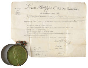 LOUIS-PHILIPPE. P.S., Palais de St Cloud 25 septembre 1846 ; contresigné (2 fois) par le Garde des Sceaux H. Martin du Nord ; vélin in-plano en partie impr., grand sceau de cire verte pendant sur rubans rouge et vert à l’effigie royale dans...
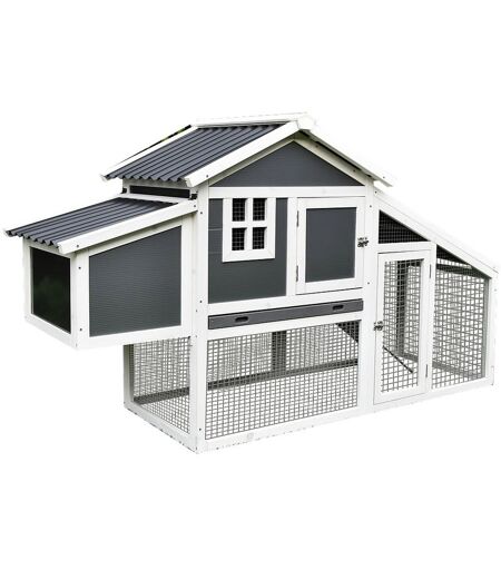 Description générale Bienvenue dans le monde des poulaillers avec notre modèle XXL de 2020, conçu pour offrir un abri idéal à vos poules domestiques, pondeuses ou d'ornement. Ce poulailler spacieux et confortable permet à vos poules de pondre en toute sérénité et de se reposer la nuit sur un perchoir adéquat. Fabriqué à partir de matériaux de qualité supérieure, il est à la fois durable, résistant aux intempéries et respectueux de l'environnement, tout en étant facile à monter et à entretenir. Spécifications techniques Matériau : bois, fil métallique et tôle de zinc Couleur : blanc/gris Dimensions : longueur env. 176 cm (avec boîtes de ponte), hauteur env. 102 cm, profondeur y compris l'enclos env. 66 cm Résistant aux intempéries grâce à son imprégnation Boîte à nid accessible de l'extérieur avec fixation du couvercle incluse Entrées frontale et latérale incluses Tiroir amovible en tôle de zinc pour un nettoyage facile Rampe en bois incluse Grande fenêtre pour une bonne circulation de ...
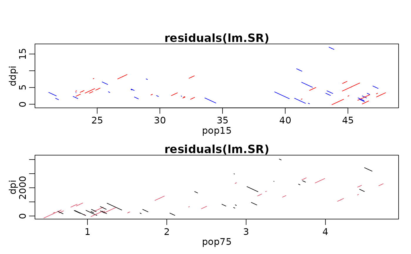 p.res.2x(~ pop15 + ddpi, lm.SR, scol=c("red", "blue"))
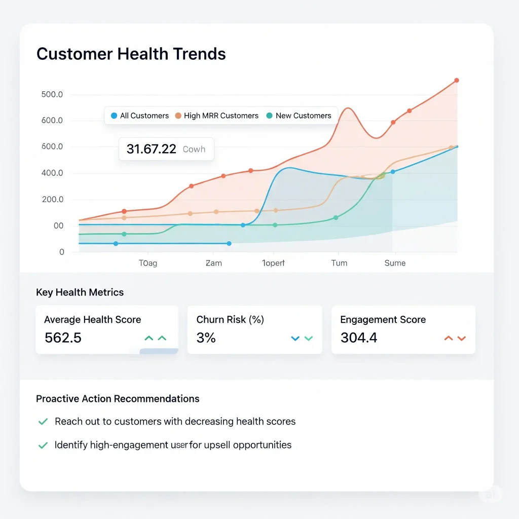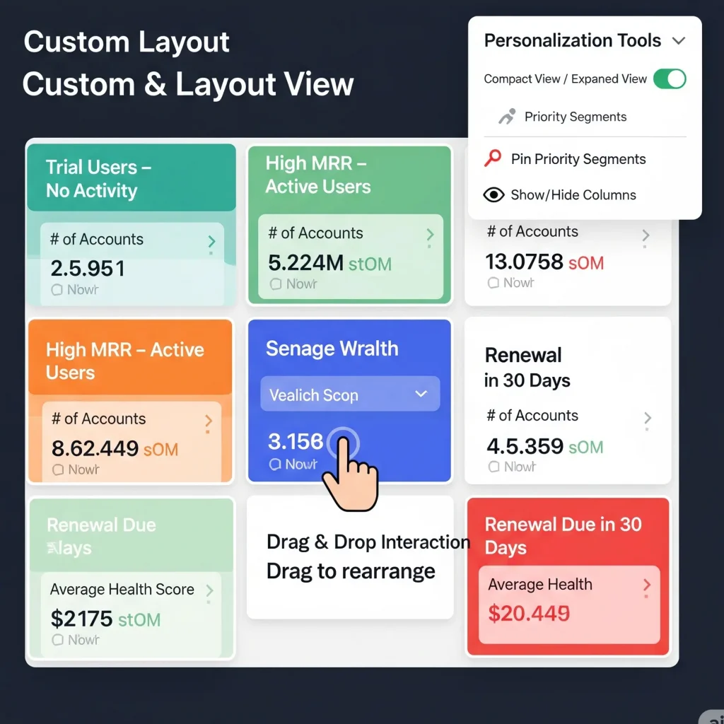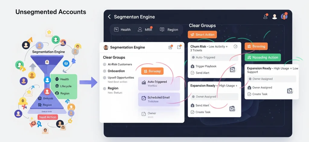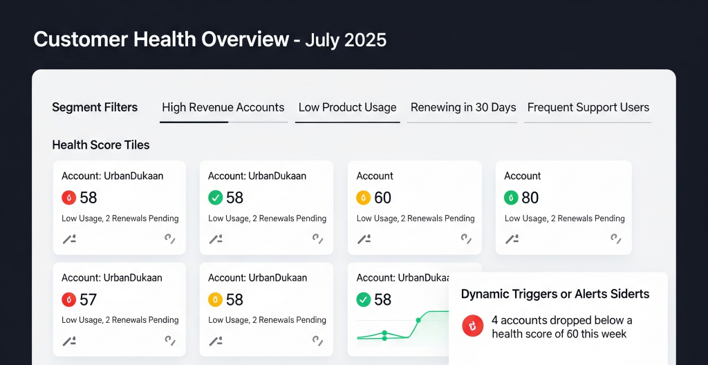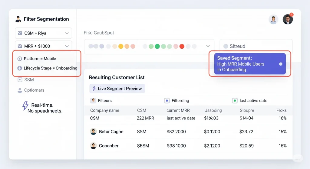Segment accounts using precise filters like churn status, usage trends, MRR, or assigned CSM, purpose-built to support every stage of the customer journey.
++++++++
▶ Activity
Return the listing unchanged, but drop every picture.

▶ Exercise result
 LOUIS-PHILIPPE. P.S., Palais de St Cloud 25 septembre 1846 ; contresigné (2 fois) par le Garde des Sceaux H. Martin du Nord ; vélin in-plano en partie impr., grand sceau de cire verte pendant sur rubans rouge et vert à l’effigie royale dans...
 Description générale Bienvenue dans le monde des poulaillers avec notre modèle XXL de 2020, conçu pour offrir un abri idéal à vos poules domestiques, pondeuses ou d'ornement. Ce poulailler spacieux et confortable permet à vos poules de pondre en toute sérénité et de se reposer la nuit sur un perchoir adéquat. Fabriqué à partir de matériaux de qualité supérieure, il est à la fois durable, résistant aux intempéries et respectueux de l'environnement, tout en étant facile à monter et à entretenir. Spécifications techniques Matériau : bois, fil métallique et tôle de zinc Couleur : blanc/gris Dimensions : longueur env. 176 cm (avec boîtes de ponte), hauteur env. 102 cm, profondeur y compris l'enclos env. 66 cm Résistant aux intempéries grâce à son imprégnation Boîte à nid accessible de l'extérieur avec fixation du couvercle incluse Entrées frontale et latérale incluses Tiroir amovible en tôle de zinc pour un nettoyage facile Rampe en bois incluse Grande fenêtre pour une bonne circulation de ...
 p.res.2x(~ pop15 + ddpi, lm.SR, scol=c("red", "blue"))
Segment accounts using precise filters like churn status, usage trends, MRR, or assigned CSM, purpose-built to support every stage of the customer journey.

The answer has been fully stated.